# i want to make a knife. bare with me.



## Ration-AL (Apr 18, 2012)

been looking around for a special knife that i want but cannot find anywhere for the life of me and am wondering how hard/expensive it would be for me to make my own.

i have access to a machine shop with all of the mills,lathes, lazer/water/plasma cutters and tools a man will ever need, what i want to do is make a drawing of the knife i want and get it made in the shop sans-edge and then take the blank to a knife maker and get an edge put on it...will a knife maker do this? what is the "trick" to making a knife? thickness taper? what can i do take make his job easier?

or is the minimal price difference between him making the whole thing and putting an edge on my blank so small i should just have him do the whole thing?

i get materials cheap and machining/welding/coating for trade in beer/booze.

what I'm looking for and correct me on my terminology if I'm wrong as I'm not a knife guy, i just know what i want.

is a "reverse blade"- "d guard"- "bowie" knife kind of like this...but meaner and a bigger guard, lol


----------



## md1911 (Feb 9, 2012)

Heat treating the blade (temper).
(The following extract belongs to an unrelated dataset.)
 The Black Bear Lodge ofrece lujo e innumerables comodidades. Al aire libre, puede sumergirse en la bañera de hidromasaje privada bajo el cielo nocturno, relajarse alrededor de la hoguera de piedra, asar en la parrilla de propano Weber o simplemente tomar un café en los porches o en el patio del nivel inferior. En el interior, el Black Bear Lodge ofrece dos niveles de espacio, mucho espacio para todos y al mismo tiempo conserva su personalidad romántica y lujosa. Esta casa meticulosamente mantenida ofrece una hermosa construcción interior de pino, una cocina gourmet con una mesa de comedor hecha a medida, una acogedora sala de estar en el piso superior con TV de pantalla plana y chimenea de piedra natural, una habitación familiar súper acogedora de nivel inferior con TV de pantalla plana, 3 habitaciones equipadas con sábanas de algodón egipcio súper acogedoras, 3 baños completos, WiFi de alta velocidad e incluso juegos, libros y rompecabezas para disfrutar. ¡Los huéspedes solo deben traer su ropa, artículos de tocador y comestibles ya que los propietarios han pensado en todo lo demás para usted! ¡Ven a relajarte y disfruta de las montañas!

Is what makes a knife hold a edge. The carbon content for a good knife is important. The higher the carbon the harder the blade can be made. 
The drawback is the more carbon and temper you use the more britel the medel becomes. Before you start I would sugest you find a reputable knife maker around your area, or some one you want to use. Ask them about price. 
I have made a couple knives and would not put a temper on a blade I didn't make. Some knife makers will though. 
1. Start with good high carbon steel. (I use old saw mill blades). 
2. What are you making it for hacking like a machettie. Or just cutting? (This will help determin the thickness the blade needs to be.) Also if its for hacking you don't want much temper. Hope I was some help. 
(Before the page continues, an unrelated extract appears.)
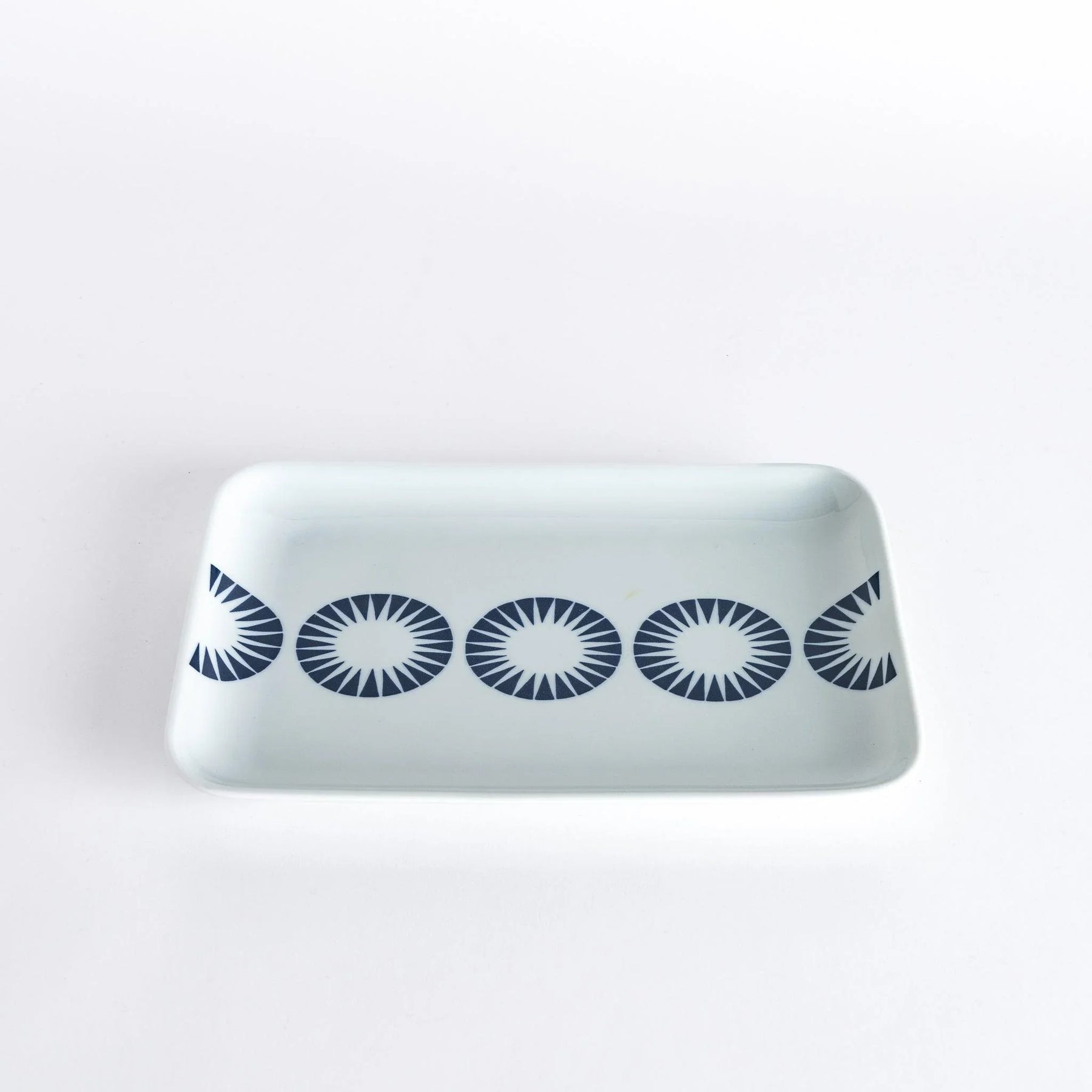 The Modern Indigo Circle Dinner Plate brings a fresh rhythm to the table with its repeating indigo motif of radial lines. Each deep blue circle is precisely printed onto smooth white porcelain, forming a pattern that feels both structured and playful. The clean rectangular shape adds a contemporary edge, while the gently sloped rim helps contain sauces and garnishes with ease.

speak softley and carry a big stick


----------



## md1911 (Feb 9, 2012)

This is one I made from a sawmill saw. Deerhorn handle.









speak softley and carry a big stick


----------



## Ration-AL (Apr 18, 2012)

md1911 said:


> Heat treating the blade (temper). Is what makes a knife hold a edge. The carbon content for a good knife is important. The higher the carbon the harder the blade can be made.
> The drawback is the more carbon and temper you use the more britel the medel becomes. Before you start I would sugest you find a reputable knife maker around your area, or some one you want to use. Ask them about price.
> I have made a couple knives and would not put a temper on a blade I didn't make. Some knife makers will though.
> 1. Start with good high carbon steel. (I use old saw mill blades).
> ...


yeah I've been reading about the steel types, looking at D2/A2/01/440c or possible this stuff
http://www.knifeart.com/talbychucbyb.html

i plan on handing the guy something that looks like this








or this









but in the shape i want, basically i want to just cut the shape from the steel on one of our waterjet machines and let the knife maker do the "ART" part of the knife making, i just don't know enough about knife making to know if it works like that, you mention tempering, i wasn't planning on doing that bit, just basically handing the guy a blank...


----------



## Ration-AL (Apr 18, 2012)

md1911 said:


> This is one I made from a sawmill saw. Deerhorn handle.
> 
> View attachment 2172
> 
> ...


nice! magnus is making me want to get into this more and that pics helps to haha, i'm also looking into how to put an edge on things and such, i've made plenty of sharp parts of steel before by accident i just hop i can do it on purpose and do it as to where it'll hold an edge, haha


----------



## md1911 (Feb 9, 2012)

If you start with good metel then the knife maker should be able to do the rest. Good luck I enjoy making knifes.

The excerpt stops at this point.